Problem to work on: Please copy, exactly as written, the span from the first line below to the line that contains "ナルト グッズ うちは", including both, and skip the pictures.

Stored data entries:
::::

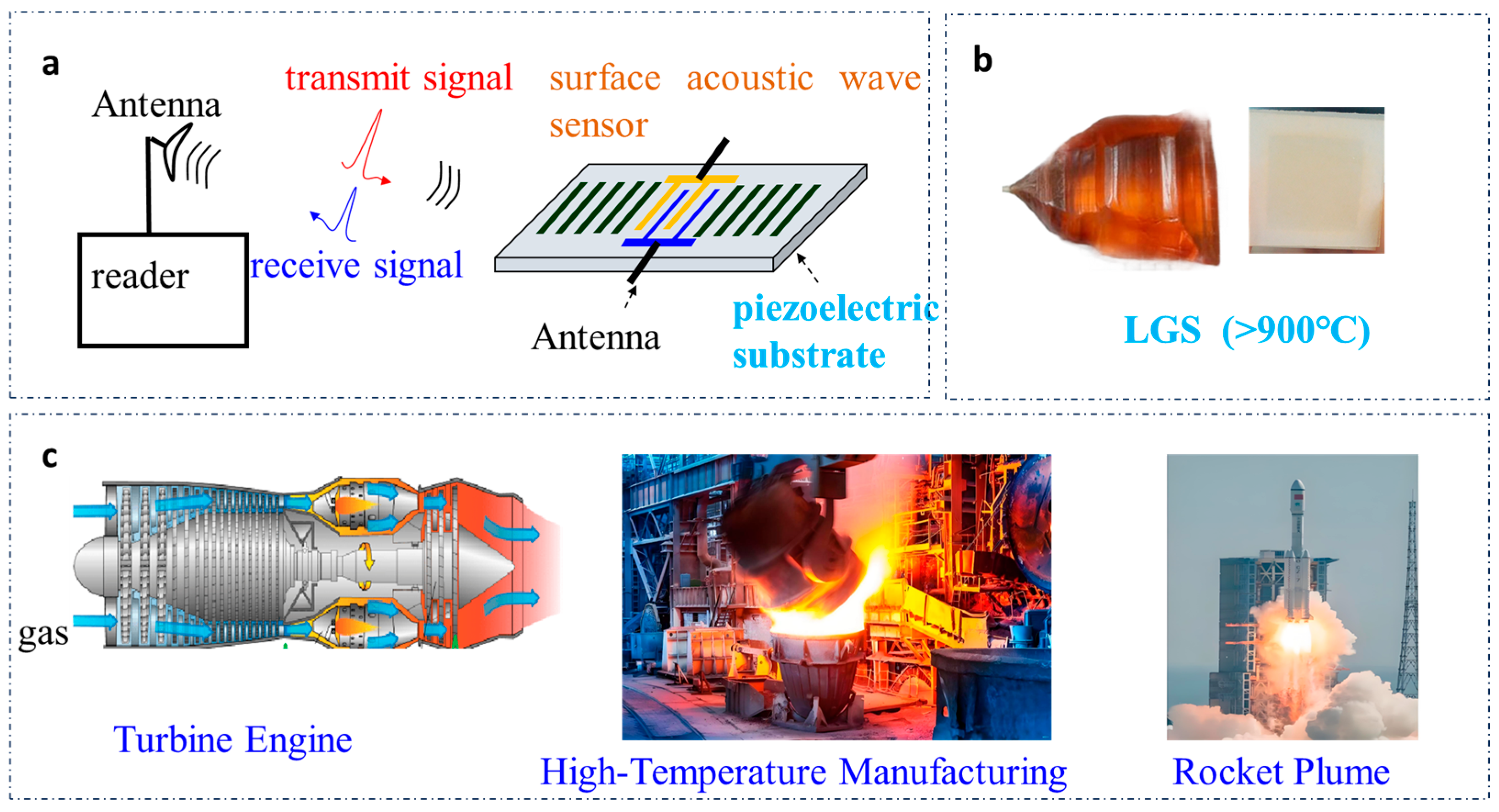 - Da Cunha, M.P.; Moonlight, T.; Lad, R.; Bernhardt, G.; Frankel, D.J. Enabling Very High Temperature Acoustic Wave Devices for Sensor & Frequency Control Applications. In Proceedings of the 2007 IEEE Ultrasonics Symposium Proceedings, New York, NY, USA, 28–31 October 2007; pp. 2107–2110. [Google Scholar]
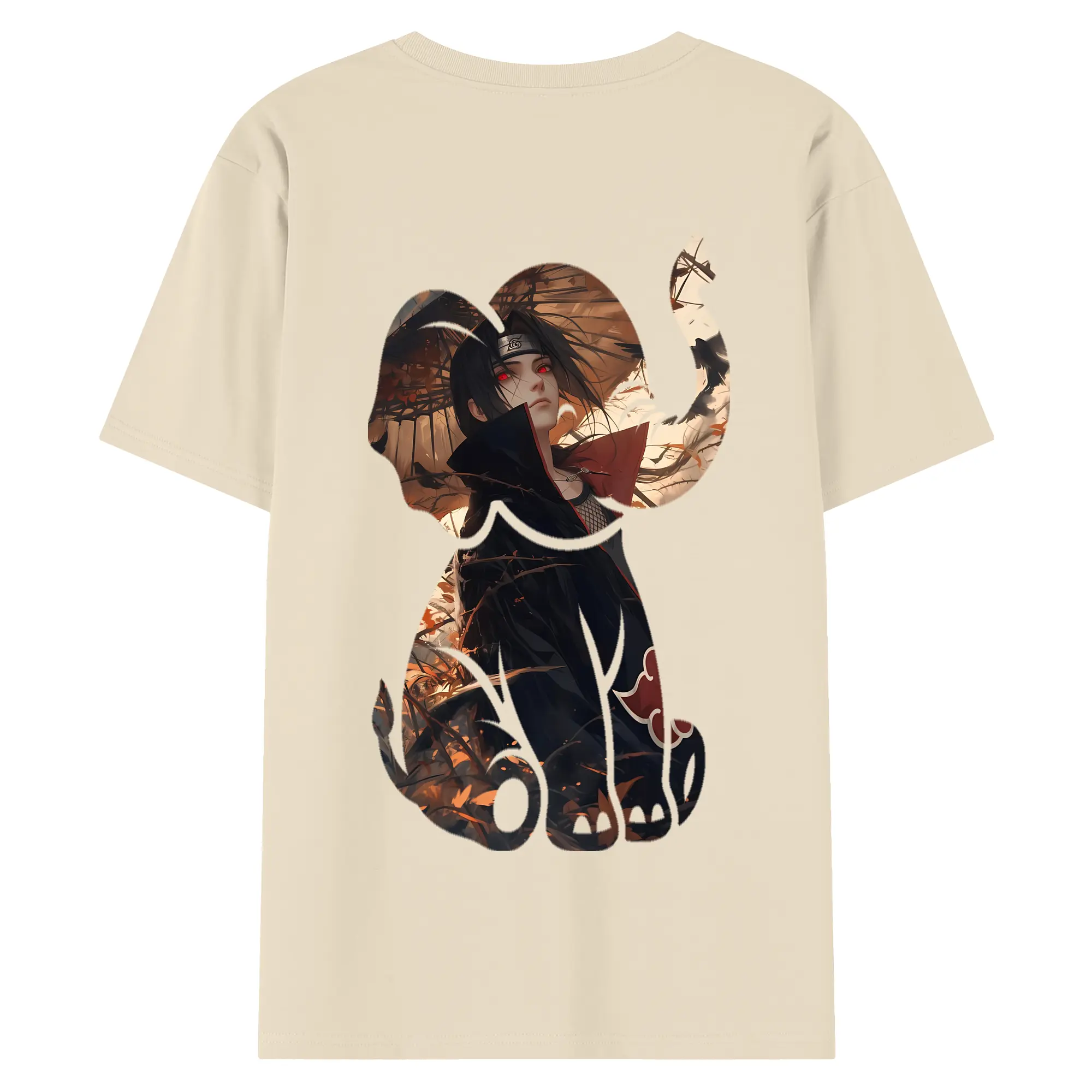ナルト グッズ うちは イタチ - 綿100% ヴィンテージ風 半袖Tシャツ ・ 背面プリント ・ 柔らか肌触り ・ 通気性 快適 ・ スポーツ カジュアル 外出用
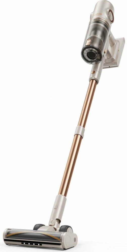 Vysavač je lehké konstrukce, samostatně stojí a zaujme elegantním designem v odstínu champagne gold. Nabíjení probíhá v nástěnném držáku, který zároveň slouží k praktickému uložení příslušenství. Na plné nabití zvládne uklidit až 300 m² a plně nabitý je přibližně za 4 hodiny.
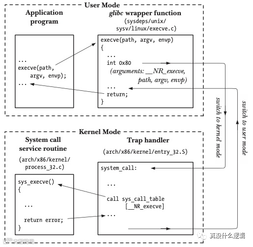 函数执行 INT 0x80指令,处理器会从用户态切换到内核态并执行预先定义好的处理器; -
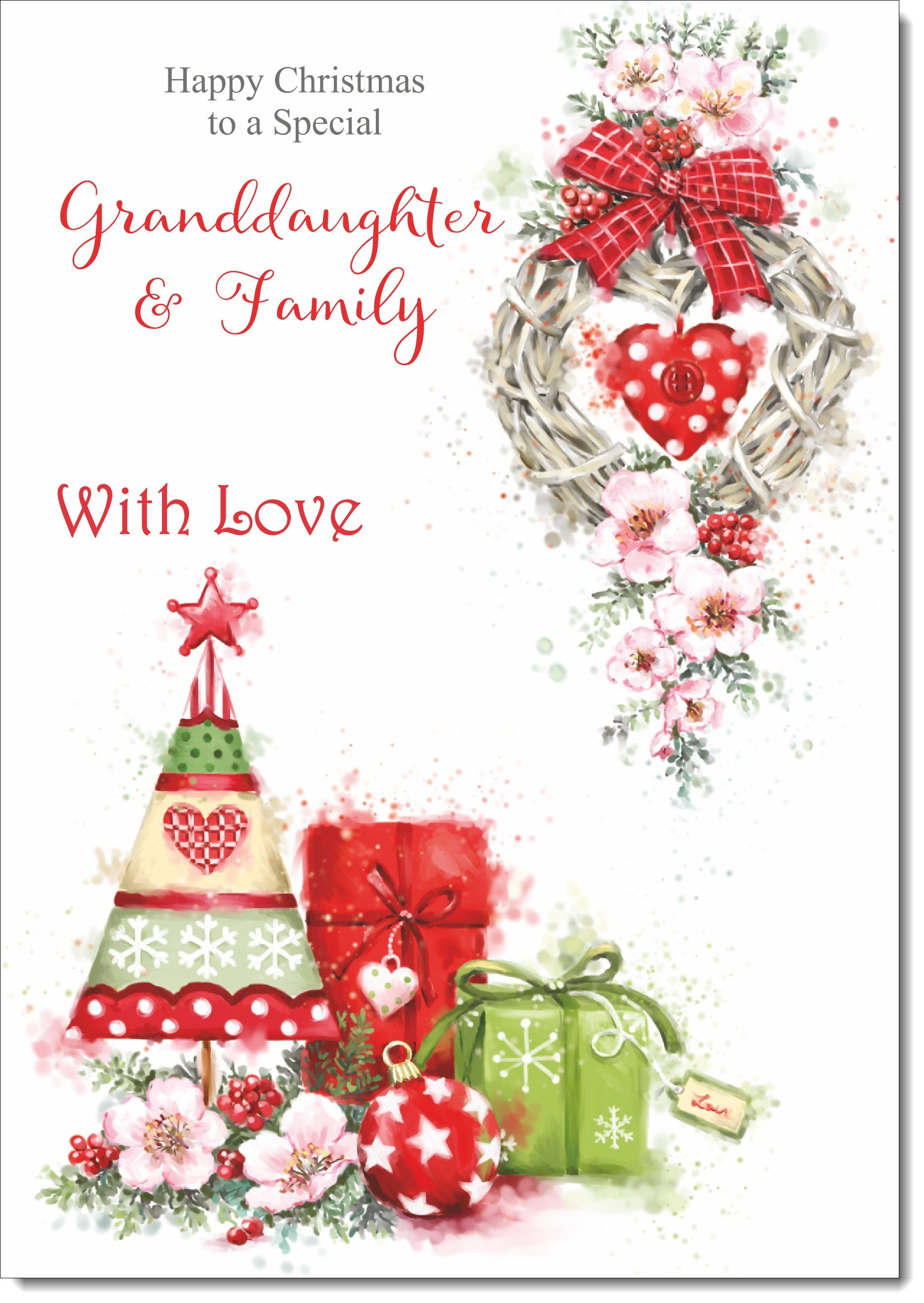 Granddaughter & Family Christmas Card Hanging Heart Decoration
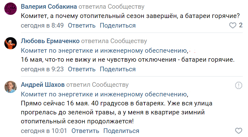 В Петербурге обещали отключить отопление 15 мая, но в некоторых домах оно всё работает. В Смольном пояснили, что решение принимают управляющие компании. Ответ опубликовала «Фонтанка».
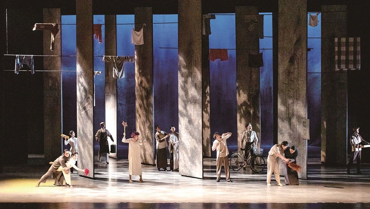 这是一段弄堂里的烟火生活,穿插于紧张的谍战氛围中更显珍贵。舞台上,伴着悠扬的旋律,身着曼妙旗袍的女舞者们手执蒲扇,时而用扇子扇着煤炉,时而扬起蒲扇遮住清晨那突然乍现的一缕光,整齐划一的动作、曼妙的背影和光影营造出晨光袅袅的视效,让观众忍不住拍红了巴掌。
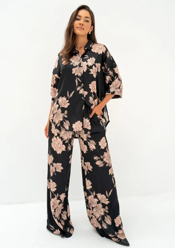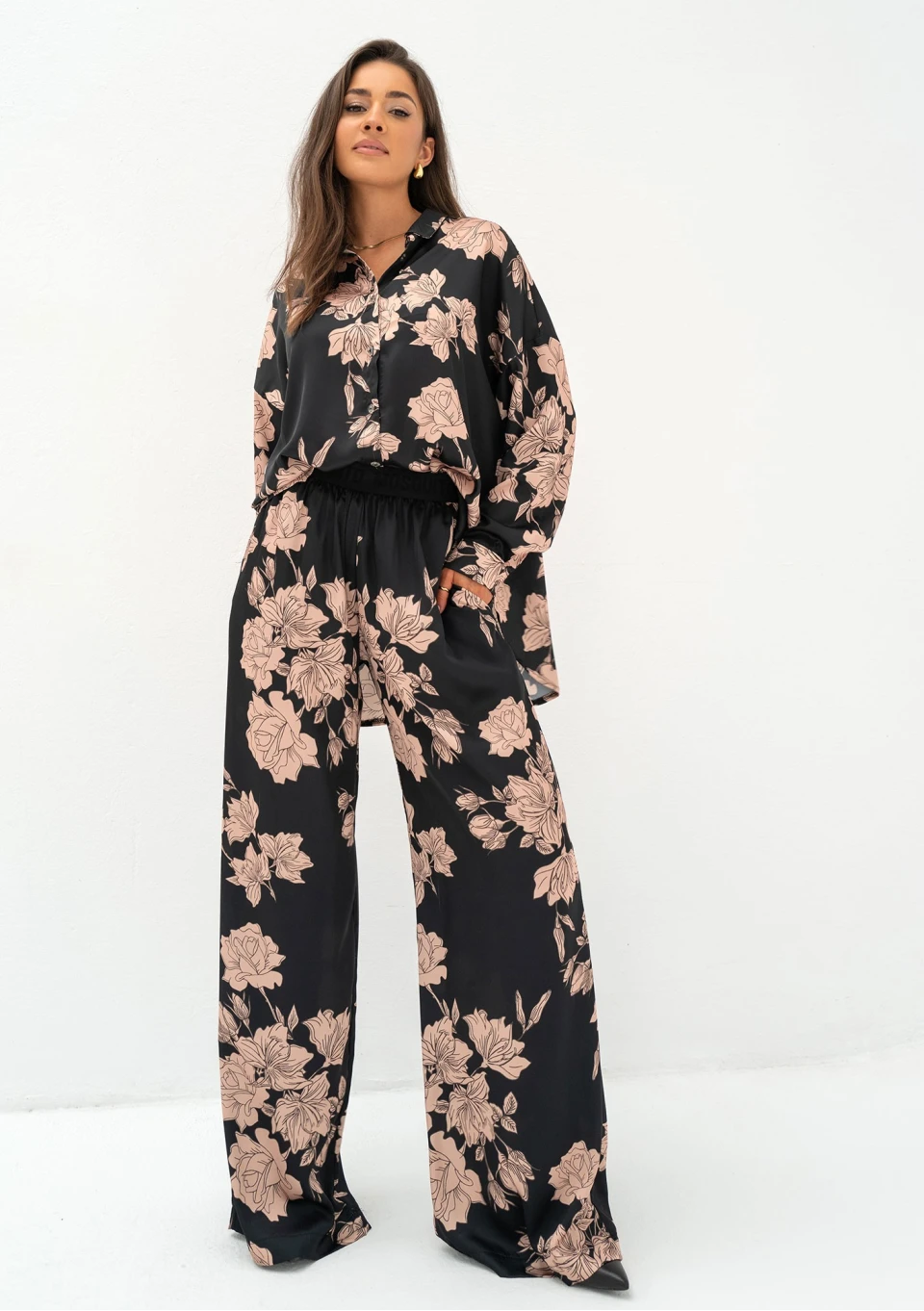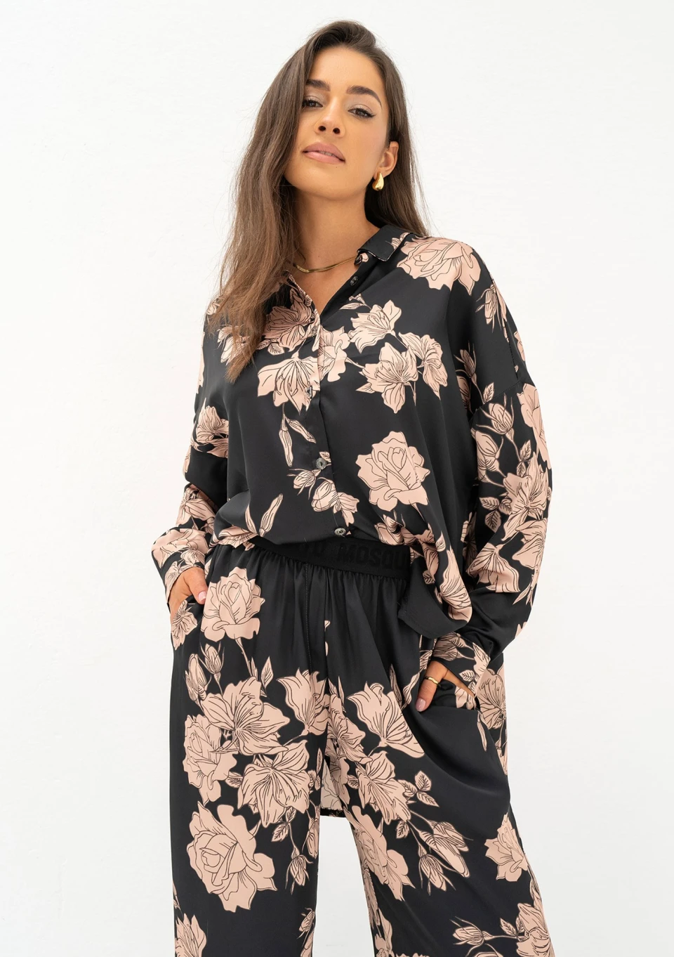 Elegancka koszula damska z delikatnej, satynowej tkaniny. zdobiona beżowym wzorem róż. Model o luźnym kroju, nieco dłuższym z tyłu.
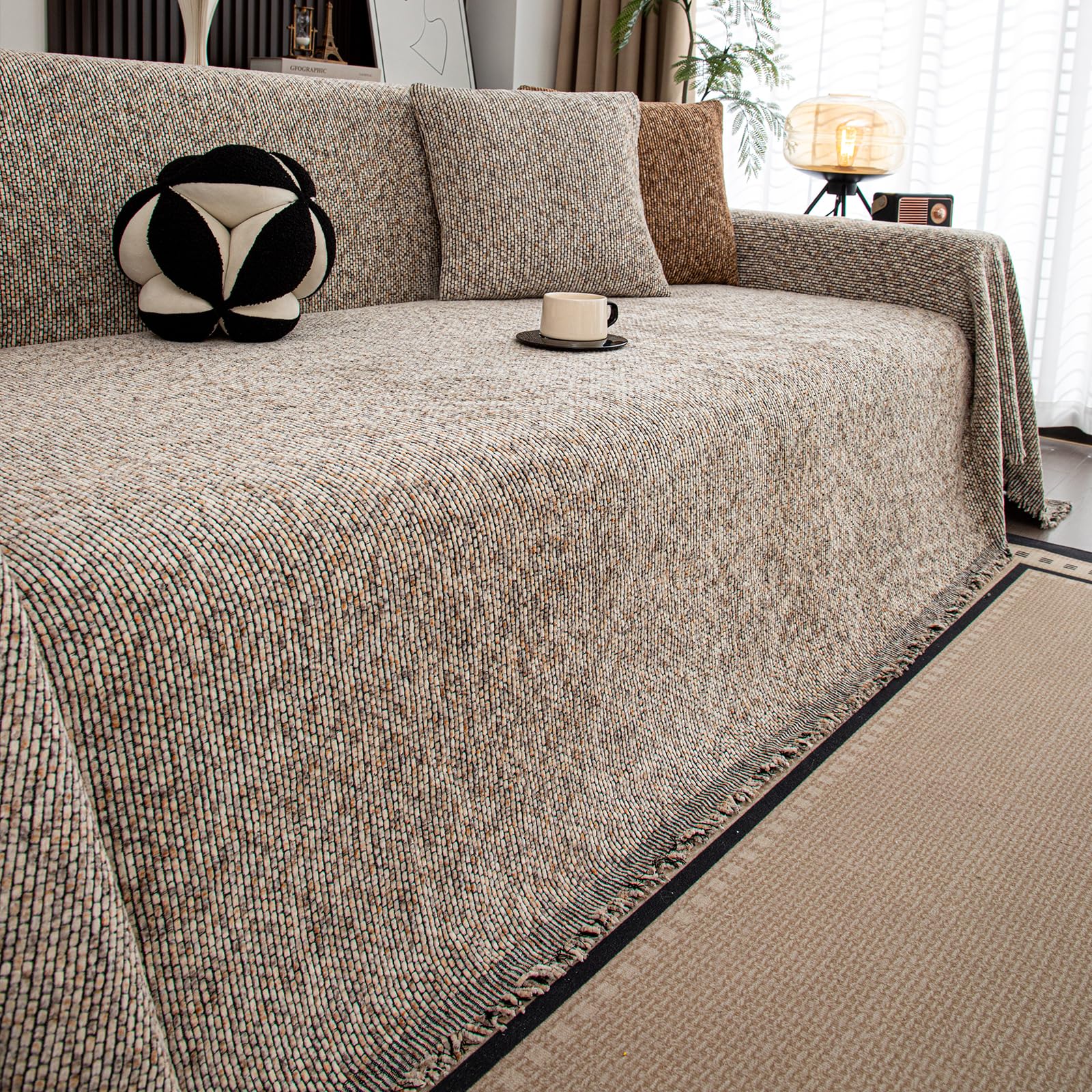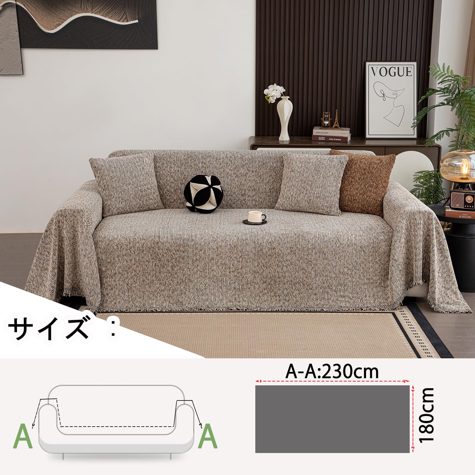 TMVOK マルチカバー ソファカバー おしゃれ 北欧風 長方形 ソファーかばー ブランケットフリンジ付き 汚れ防止 保護カバー 無地 綿 23人掛け 肘付き 肘なし カウチカバー テーブルクロス リバーシブル 大きい 水洗い 四季通用 180*230cm
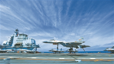 2018年4月12日,遼寧艦航母編隊參加南海大閱兵之后,隨即奔赴遠海,開展實兵對抗演練。圖為演練中殲-15艦載戰(zhàn)斗機放下尾鉤準(zhǔn)備著艦。本報記者 張雷 攝
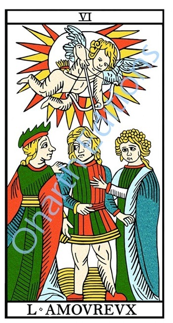 L’Amoureux représente la première véritable épreuve du parcours initiatique proposé par le tarot. Il pose le problème de la voie : le personnage doit choisir entre matière et spiritualité. Il a une décision à prendre sans oublier l’ange, messager du Soleil.

::::

Solution to the exercise:
 - Da Cunha, M.P.; Moonlight, T.; Lad, R.; Bernhardt, G.; Frankel, D.J. Enabling Very High Temperature Acoustic Wave Devices for Sensor & Frequency Control Applications. In Proceedings of the 2007 IEEE Ultrasonics Symposium Proceedings, New York, NY, USA, 28–31 October 2007; pp. 2107–2110. [Google Scholar]
ナルト グッズ うちは イタチ - 綿100% ヴィンテージ風 半袖Tシャツ ・ 背面プリント ・ 柔らか肌触り ・ 通気性 快適 ・ スポーツ カジュアル 外出用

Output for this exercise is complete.